In [1]:
%pip install optuna
%pip install swig
%pip install gymnasium[box2d]

Note: you may need to restart the kernel to use updated packages.
Note: you may need to restart the kernel to use updated packages.
Note: you may need to restart the kernel to use updated packages.


In [2]:
import os
import pickle
import gymnasium as gym
import torch
import torch.nn as nn
import torch.optim as optim
from collections import deque
import random
import optuna

In [3]:
env = gym.make('LunarLander-v2', render_mode="rgb_array")
state_dim = env.observation_space.shape[0]
action_dim = env.action_space.n

In [4]:
class DQN(nn.Module):
    def __init__(self, state_dim, action_dim):
        super(DQN, self).__init__()
        self.fc1 = nn.Linear(state_dim, 128)
        self.fc2 = nn.Linear(128, 128)
        self.fc3 = nn.Linear(128, action_dim)

    def forward(self, x):
        x = torch.relu(self.fc1(x))
        x = torch.relu(self.fc2(x))
        return self.fc3(x)

In [5]:
class ReplayBuffer:
    def __init__(self, capacity):
        self.buffer = deque(maxlen=capacity)

    def push(self, state, action, reward, next_state, done):
        self.buffer.append((state, action, reward, next_state, done))

    def sample(self, batch_size):
        state, action, reward, next_state, done = zip(*random.sample(self.buffer, batch_size))
        return state, action, reward, next_state, done

    def __len__(self):
        return len(self.buffer)

In [6]:
class DQNTrainer:
    def __init__(self, env, main_network, target_network, optimizer, replay_buffer, model_path='./model/model.pth', gamma=0.99, batch_size=64, target_update_frequency=1000):
        self.env = env
        self.main_network = main_network
        self.target_network = target_network
        self.optimizer = optimizer
        self.replay_buffer = replay_buffer
        self.model_path = model_path
        self.gamma = gamma
        self.batch_size = batch_size
        self.target_update_frequency = target_update_frequency
        self.step_count = 0

        # Load the model if it exists
        if os.path.exists(os.path.dirname(self.model_path)):
            if os.path.isfile(self.model_path):
                self.main_network.load_state_dict(torch.load(self.model_path))
                self.target_network.load_state_dict(torch.load(self.model_path))
                print("Loaded model from disk")
        else:
            os.makedirs(os.path.dirname(self.model_path))
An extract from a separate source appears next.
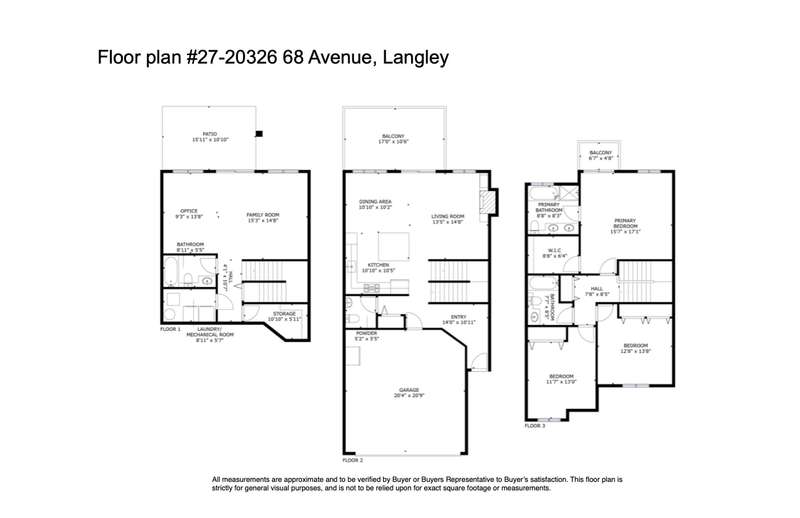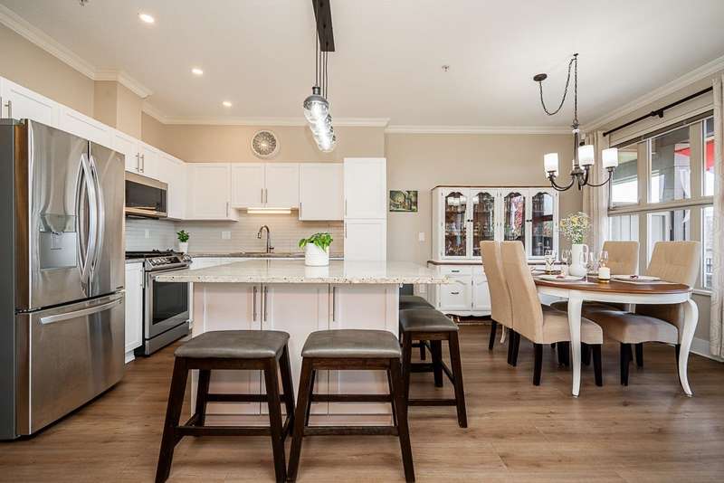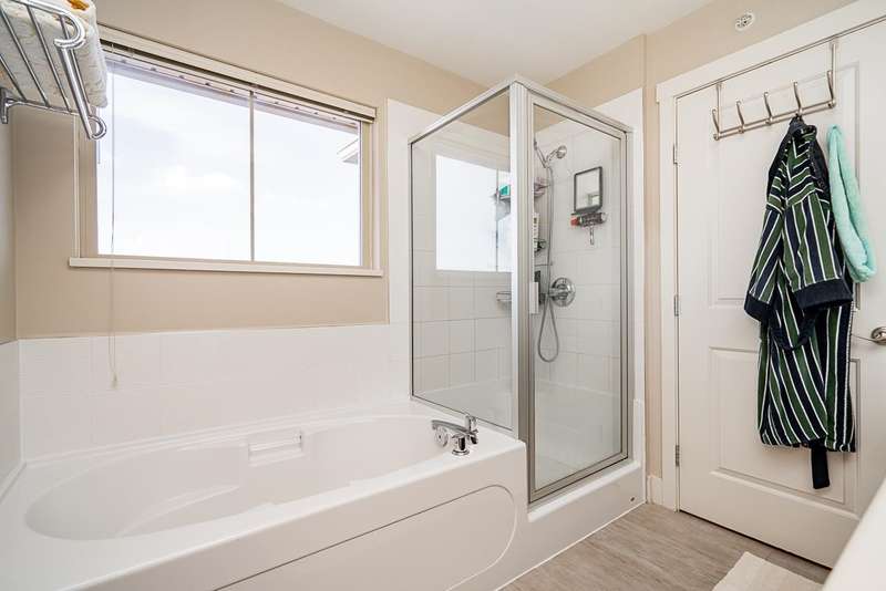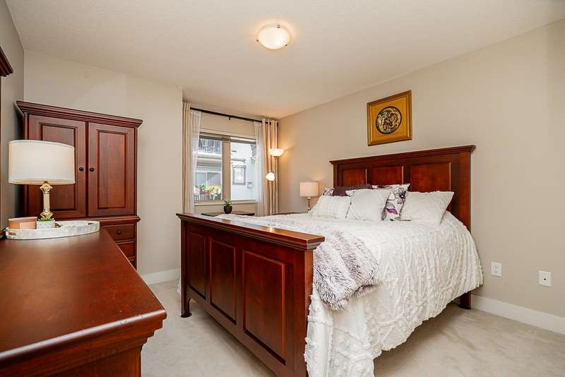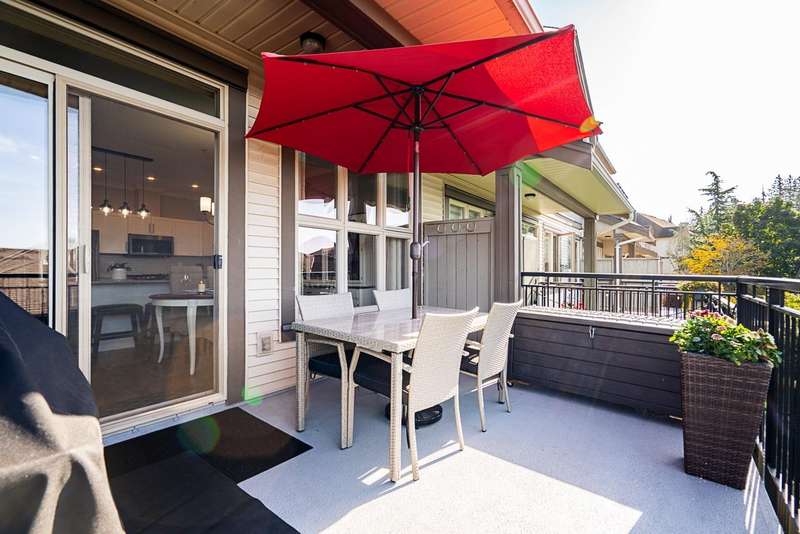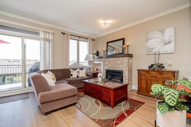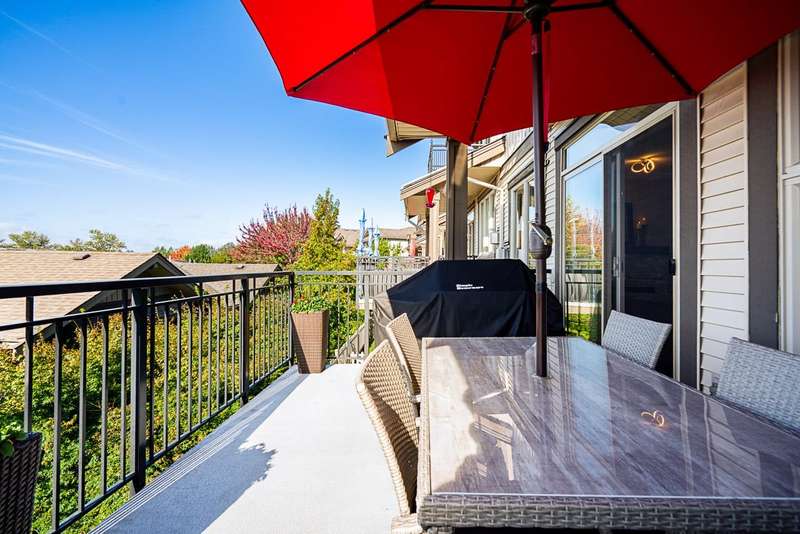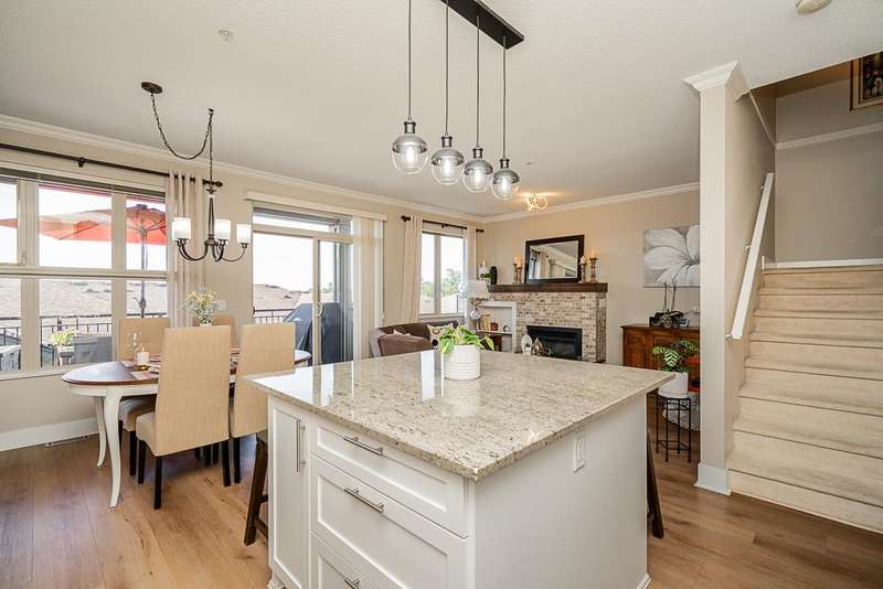 Offering over 2,100 sq ft of bright & comfortable living space, this townhome truly feels like a detached home! The open main floor features a stylish kitchen with granite countertops, gas stove, large island, and ample storage — ideal for family gatherings and entertaining. The cozy living area with a gas fireplace opens to a sunny balcony with views of downtown Langley. Upstairs, the spacious primary suite offers a walk-in closet, double sinks, soaker tub and a private patio. The lower level provides lots of flexibility with a full bath and rec room or 4th bedroom, with walk-out access to a private fenced yard and patio. Updates include light laminate flooring and a new washer/dryer. Close to schools, shops, and transit, this home is move-in ready! Book your private showing today!

    def train(self, num_episodes, save=True):
        total_rewards = []
        for episode in range(num_episodes):
            state, _ = self.env.reset()  # Extract the state from the returned tuple
            done = False
            total_reward = 0

            while not done:
                self.env.render()  # Add this line to render the environment
                # Ensure the state is in the correct shape by adding an extra dimension
                action = self.main_network(torch.FloatTensor(state).unsqueeze(0)).argmax(dim=1).item()
                next_state, reward, done, _, _ = self.env.step(action)  # Extract the next_state from the returned tuple
                self.replay_buffer.push(state, action, reward, next_state, done)
                state = next_state
                total_reward += reward

                if len(self.replay_buffer) >= self.batch_size:
                    self.update_network()

            total_rewards.append(total_reward)
            print(f"Episode {episode}, Total Reward: {total_reward}")

        # Save the model after training
        if save:
            torch.save(self.main_network.state_dict(), self.model_path)
            print("Saved model to disk")

        self.env.close()
        return sum(total_rewards) / len(total_rewards)  # Return average reward

    def update_network(self):
        state_batch, action_batch, reward_batch, next_state_batch, done_batch = self.replay_buffer.sample(self.batch_size)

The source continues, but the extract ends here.